▸ Exercise prompt: Look through the entries below and extract exactly the lines from the one containing "[무한뉴스=정민정 기자] 충남" through the one containing "Бушхет имеет плотную", ends included.

▸ Dataset content:
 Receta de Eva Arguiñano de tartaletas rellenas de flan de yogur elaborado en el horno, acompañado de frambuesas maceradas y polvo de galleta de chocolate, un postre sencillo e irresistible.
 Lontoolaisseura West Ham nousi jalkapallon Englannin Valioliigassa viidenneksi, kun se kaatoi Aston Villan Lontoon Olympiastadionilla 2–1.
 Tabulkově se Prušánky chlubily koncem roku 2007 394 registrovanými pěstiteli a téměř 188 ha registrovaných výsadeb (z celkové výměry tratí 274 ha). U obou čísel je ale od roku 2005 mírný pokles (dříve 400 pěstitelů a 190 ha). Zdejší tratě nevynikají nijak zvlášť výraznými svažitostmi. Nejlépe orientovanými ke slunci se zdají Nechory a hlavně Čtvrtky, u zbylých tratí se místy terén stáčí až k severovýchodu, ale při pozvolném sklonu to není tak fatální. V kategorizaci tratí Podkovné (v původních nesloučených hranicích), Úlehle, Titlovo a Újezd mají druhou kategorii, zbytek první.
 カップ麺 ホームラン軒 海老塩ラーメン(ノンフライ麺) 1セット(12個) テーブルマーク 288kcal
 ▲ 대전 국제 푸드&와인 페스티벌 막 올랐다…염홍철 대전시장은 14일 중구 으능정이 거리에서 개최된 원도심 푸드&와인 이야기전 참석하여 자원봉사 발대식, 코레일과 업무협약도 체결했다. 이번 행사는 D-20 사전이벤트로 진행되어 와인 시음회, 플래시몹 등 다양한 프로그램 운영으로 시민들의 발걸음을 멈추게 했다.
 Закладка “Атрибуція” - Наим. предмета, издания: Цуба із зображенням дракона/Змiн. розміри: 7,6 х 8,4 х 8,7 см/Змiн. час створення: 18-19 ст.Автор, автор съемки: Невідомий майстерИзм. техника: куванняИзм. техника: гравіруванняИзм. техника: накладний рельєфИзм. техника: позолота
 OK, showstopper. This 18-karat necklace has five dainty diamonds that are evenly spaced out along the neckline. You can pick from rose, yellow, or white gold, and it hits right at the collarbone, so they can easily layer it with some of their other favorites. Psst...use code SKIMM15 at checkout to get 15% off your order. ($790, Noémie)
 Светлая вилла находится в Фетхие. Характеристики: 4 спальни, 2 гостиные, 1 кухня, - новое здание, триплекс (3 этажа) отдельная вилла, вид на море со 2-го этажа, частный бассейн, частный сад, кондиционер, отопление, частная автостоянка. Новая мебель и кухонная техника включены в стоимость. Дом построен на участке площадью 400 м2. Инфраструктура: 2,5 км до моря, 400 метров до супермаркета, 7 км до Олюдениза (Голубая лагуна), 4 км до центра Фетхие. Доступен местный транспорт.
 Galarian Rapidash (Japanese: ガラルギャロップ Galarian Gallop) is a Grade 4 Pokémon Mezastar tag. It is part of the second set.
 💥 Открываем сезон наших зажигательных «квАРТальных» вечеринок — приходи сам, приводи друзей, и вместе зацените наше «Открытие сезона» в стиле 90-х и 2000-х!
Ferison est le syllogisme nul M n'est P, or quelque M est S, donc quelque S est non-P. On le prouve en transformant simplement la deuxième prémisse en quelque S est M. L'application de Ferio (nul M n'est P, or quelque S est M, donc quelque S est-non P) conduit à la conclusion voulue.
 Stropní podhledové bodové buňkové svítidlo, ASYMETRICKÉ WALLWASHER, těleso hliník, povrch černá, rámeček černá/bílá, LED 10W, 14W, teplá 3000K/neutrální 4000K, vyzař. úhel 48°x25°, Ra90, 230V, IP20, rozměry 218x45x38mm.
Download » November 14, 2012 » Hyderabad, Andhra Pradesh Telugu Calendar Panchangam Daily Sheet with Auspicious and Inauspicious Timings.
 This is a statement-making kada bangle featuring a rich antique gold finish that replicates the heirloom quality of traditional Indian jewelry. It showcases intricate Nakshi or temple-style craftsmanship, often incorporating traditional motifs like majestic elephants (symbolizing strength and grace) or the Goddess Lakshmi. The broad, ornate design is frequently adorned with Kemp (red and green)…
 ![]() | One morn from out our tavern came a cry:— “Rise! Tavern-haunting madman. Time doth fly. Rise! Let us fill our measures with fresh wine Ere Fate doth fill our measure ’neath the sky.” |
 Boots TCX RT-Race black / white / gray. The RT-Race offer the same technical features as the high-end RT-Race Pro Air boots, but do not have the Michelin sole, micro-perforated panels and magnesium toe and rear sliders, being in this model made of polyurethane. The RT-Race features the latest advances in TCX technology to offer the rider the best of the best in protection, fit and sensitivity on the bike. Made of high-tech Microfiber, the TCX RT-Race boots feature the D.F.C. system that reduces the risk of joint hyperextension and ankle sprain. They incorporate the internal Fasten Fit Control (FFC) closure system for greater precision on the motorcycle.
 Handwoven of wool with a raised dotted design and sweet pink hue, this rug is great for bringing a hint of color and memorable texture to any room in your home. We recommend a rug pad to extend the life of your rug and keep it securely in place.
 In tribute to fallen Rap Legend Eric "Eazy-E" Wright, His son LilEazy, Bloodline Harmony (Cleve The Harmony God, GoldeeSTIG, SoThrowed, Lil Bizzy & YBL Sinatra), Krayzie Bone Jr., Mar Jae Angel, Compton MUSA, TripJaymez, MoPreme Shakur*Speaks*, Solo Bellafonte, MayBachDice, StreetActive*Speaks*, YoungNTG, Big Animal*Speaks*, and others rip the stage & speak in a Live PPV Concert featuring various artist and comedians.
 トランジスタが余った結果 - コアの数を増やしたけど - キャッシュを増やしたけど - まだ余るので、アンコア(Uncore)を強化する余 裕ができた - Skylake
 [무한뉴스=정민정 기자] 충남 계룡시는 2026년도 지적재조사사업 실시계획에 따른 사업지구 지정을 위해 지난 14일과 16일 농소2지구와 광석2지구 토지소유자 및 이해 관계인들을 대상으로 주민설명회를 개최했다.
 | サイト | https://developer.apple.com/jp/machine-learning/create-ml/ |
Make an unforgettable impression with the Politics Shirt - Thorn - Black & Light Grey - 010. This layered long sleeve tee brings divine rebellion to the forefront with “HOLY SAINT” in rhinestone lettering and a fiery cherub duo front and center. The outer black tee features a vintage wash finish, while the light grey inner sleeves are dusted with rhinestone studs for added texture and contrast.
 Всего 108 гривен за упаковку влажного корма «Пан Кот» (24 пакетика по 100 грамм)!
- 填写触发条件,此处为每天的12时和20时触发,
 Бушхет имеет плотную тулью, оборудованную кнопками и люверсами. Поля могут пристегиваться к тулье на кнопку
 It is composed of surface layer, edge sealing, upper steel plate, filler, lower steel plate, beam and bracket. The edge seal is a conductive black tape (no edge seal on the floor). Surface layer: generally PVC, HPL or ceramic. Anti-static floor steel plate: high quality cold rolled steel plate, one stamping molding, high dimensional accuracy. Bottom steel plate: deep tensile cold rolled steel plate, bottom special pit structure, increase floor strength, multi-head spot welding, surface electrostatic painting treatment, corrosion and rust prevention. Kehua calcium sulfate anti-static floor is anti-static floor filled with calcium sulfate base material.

▸ Task output:
 [무한뉴스=정민정 기자] 충남 계룡시는 2026년도 지적재조사사업 실시계획에 따른 사업지구 지정을 위해 지난 14일과 16일 농소2지구와 광석2지구 토지소유자 및 이해 관계인들을 대상으로 주민설명회를 개최했다.
 | サイト | https://developer.apple.com/jp/machine-learning/create-ml/ |
Make an unforgettable impression with the Politics Shirt - Thorn - Black & Light Grey - 010. This layered long sleeve tee brings divine rebellion to the forefront with “HOLY SAINT” in rhinestone lettering and a fiery cherub duo front and center. The outer black tee features a vintage wash finish, while the light grey inner sleeves are dusted with rhinestone studs for added texture and contrast.
 Всего 108 гривен за упаковку влажного корма «Пан Кот» (24 пакетика по 100 грамм)!
- 填写触发条件,此处为每天的12时和20时触发,
 Бушхет имеет плотную тулью, оборудованную кнопками и люверсами. Поля могут пристегиваться к тулье на кнопку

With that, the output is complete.